About this exercise
The whole listing below should be retyped exactly, without any images.

Information shown
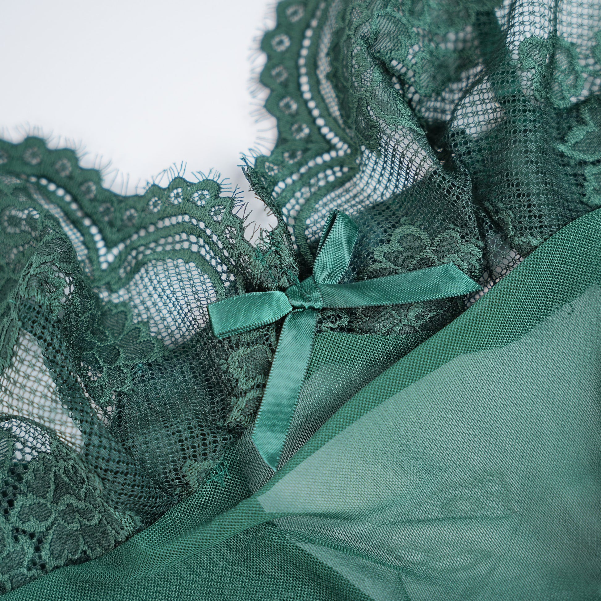 Jumpsuit with floral lace fabric spliced with fine mesh gauze. There are buckle adjusters on the back to adjust the size, which can flatter the figure.The crotch part is designed with a slit.
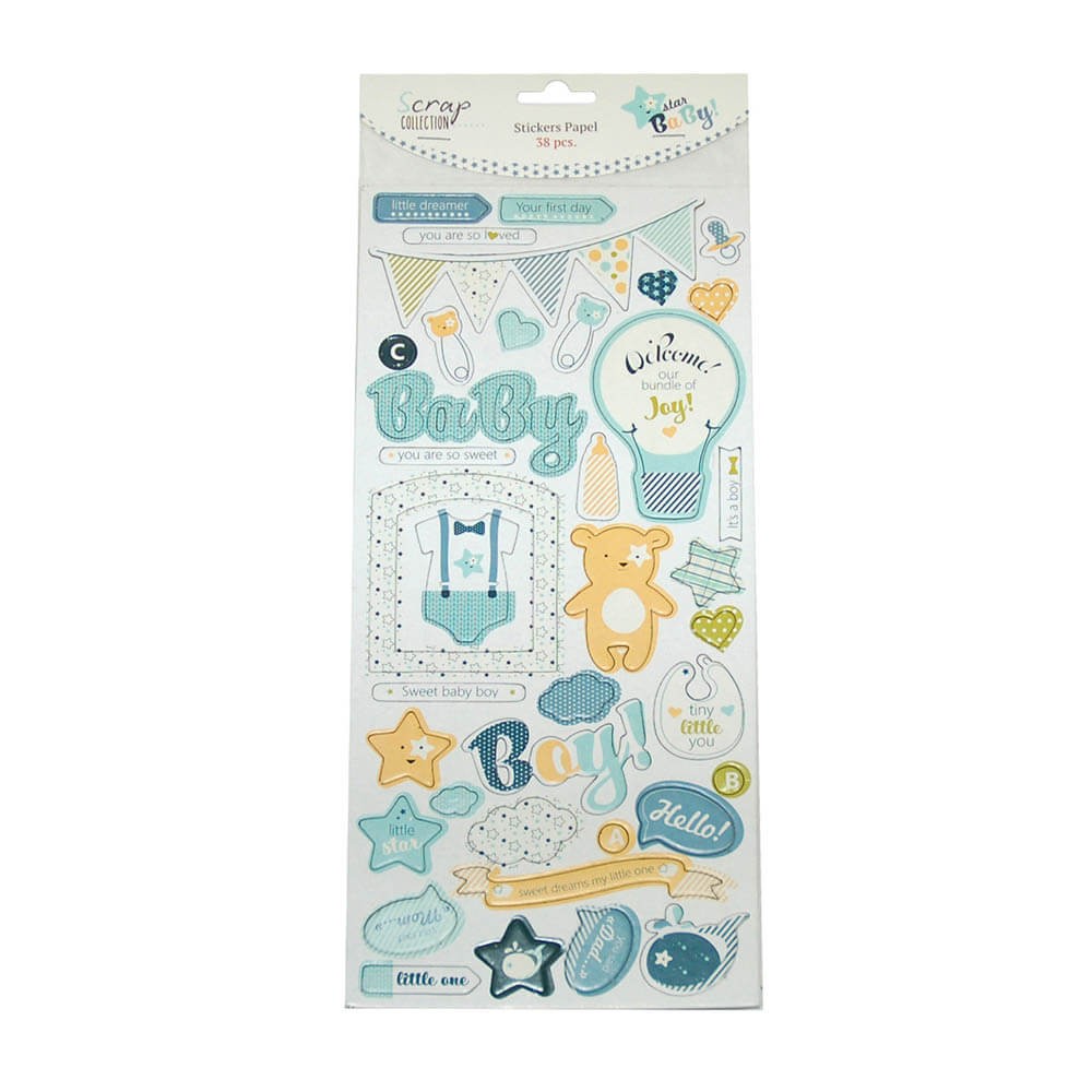 38 piezas adhesivas con motivos infantiles de bebe en color azul y amarillo, perfectas para decorar trabajos de scrapbooking, invitaciones de bautizo, álbumes de fotos, cuadros de bebe y todo tipo de trabajos manuales.
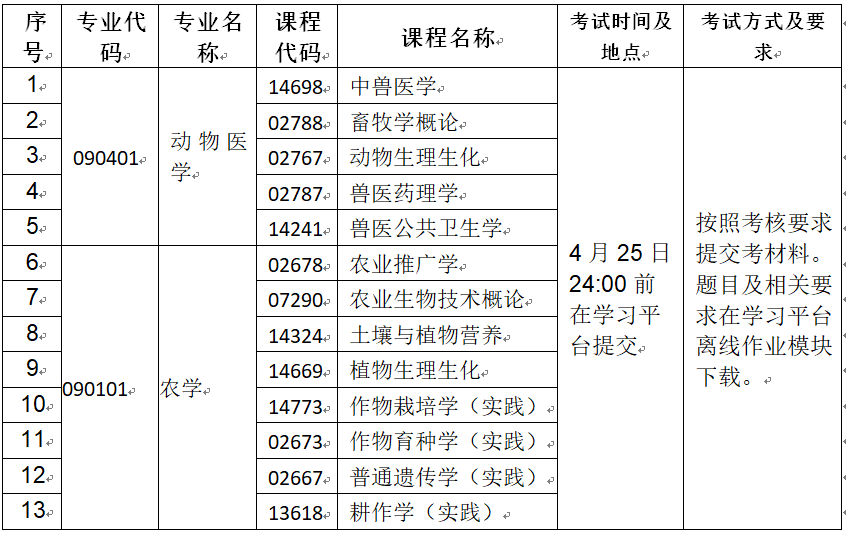 考試課程以“離線考試”形式進行考核。考生登錄學習考試平臺,按照要求和格式完成考核,并按時提交。課程名后帶實踐的課程以實踐報告形式上報完成;純實踐的課程以作業加考核的形式在線完成。

Reply to the exercise
 Jumpsuit with floral lace fabric spliced with fine mesh gauze. There are buckle adjusters on the back to adjust the size, which can flatter the figure.The crotch part is designed with a slit.
 38 piezas adhesivas con motivos infantiles de bebe en color azul y amarillo, perfectas para decorar trabajos de scrapbooking, invitaciones de bautizo, álbumes de fotos, cuadros de bebe y todo tipo de trabajos manuales.
 考試課程以“離線考試”形式進行考核。考生登錄學習考試平臺,按照要求和格式完成考核,并按時提交。課程名后帶實踐的課程以實踐報告形式上報完成;純實踐的課程以作業加考核的形式在線完成。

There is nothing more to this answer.